RECORDS FOR THIS EXERCISE
Content starts
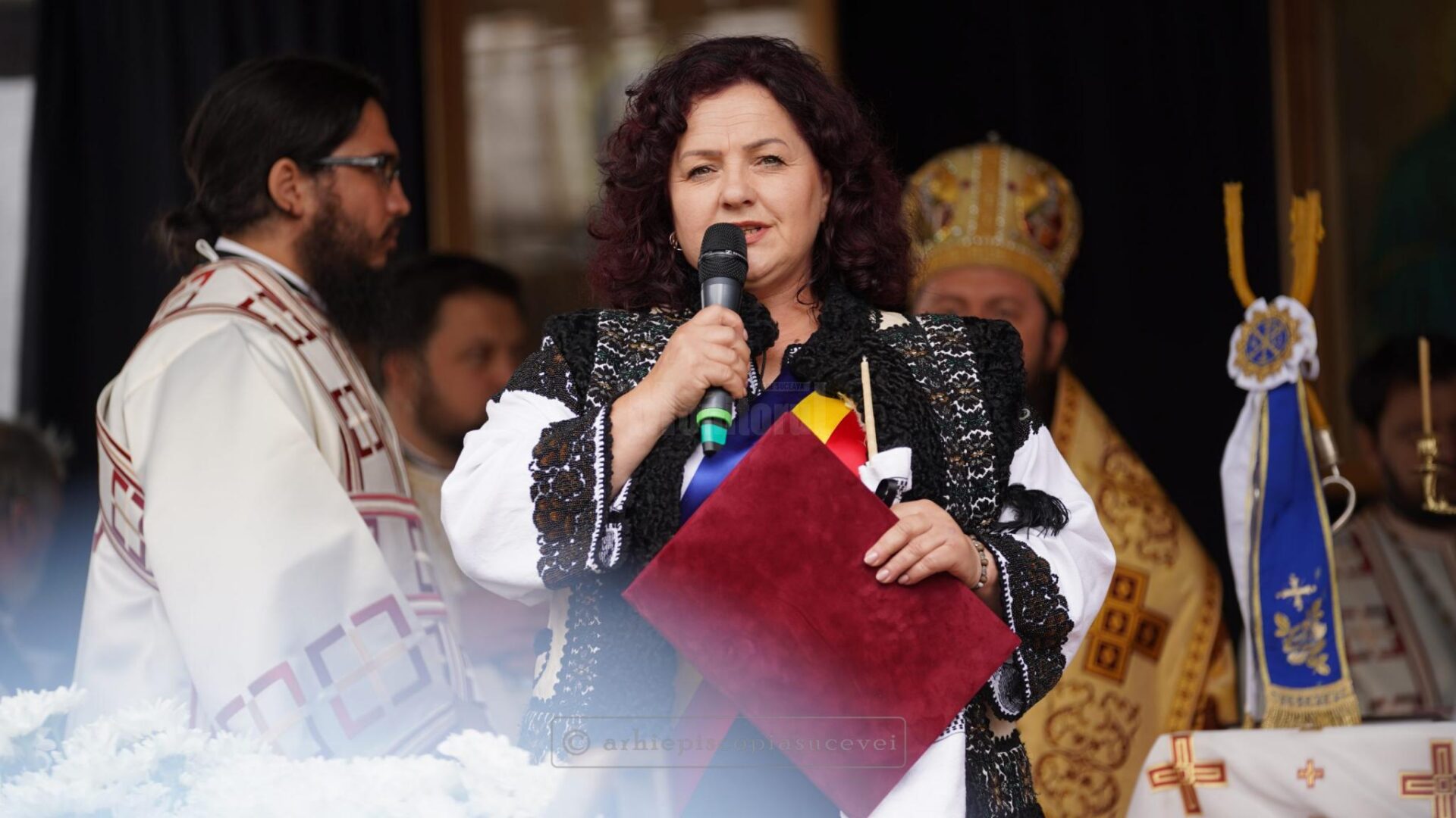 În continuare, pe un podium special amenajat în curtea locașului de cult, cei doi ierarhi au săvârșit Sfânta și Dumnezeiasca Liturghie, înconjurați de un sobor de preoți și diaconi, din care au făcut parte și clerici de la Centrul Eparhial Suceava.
Content ends
Content starts
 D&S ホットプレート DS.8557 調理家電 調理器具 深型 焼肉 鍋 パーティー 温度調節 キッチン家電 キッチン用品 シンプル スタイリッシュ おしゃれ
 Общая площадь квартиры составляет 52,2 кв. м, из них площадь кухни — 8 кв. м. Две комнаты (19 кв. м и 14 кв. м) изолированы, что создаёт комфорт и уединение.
Content ends
EXERCISE GOAL
Can you repeat, word for word, every line above from the one containing "D&S ホットプレート DS.8557" down to the one containing "Общая площадь квартиры", including both?

ANSWER SECTION
 D&S ホットプレート DS.8557 調理家電 調理器具 深型 焼肉 鍋 パーティー 温度調節 キッチン家電 キッチン用品 シンプル スタイリッシュ おしゃれ
 Общая площадь квартиры составляет 52,2 кв. м, из них площадь кухни — 8 кв. м. Две комнаты (19 кв. м и 14 кв. м) изолированы, что создаёт комфорт и уединение.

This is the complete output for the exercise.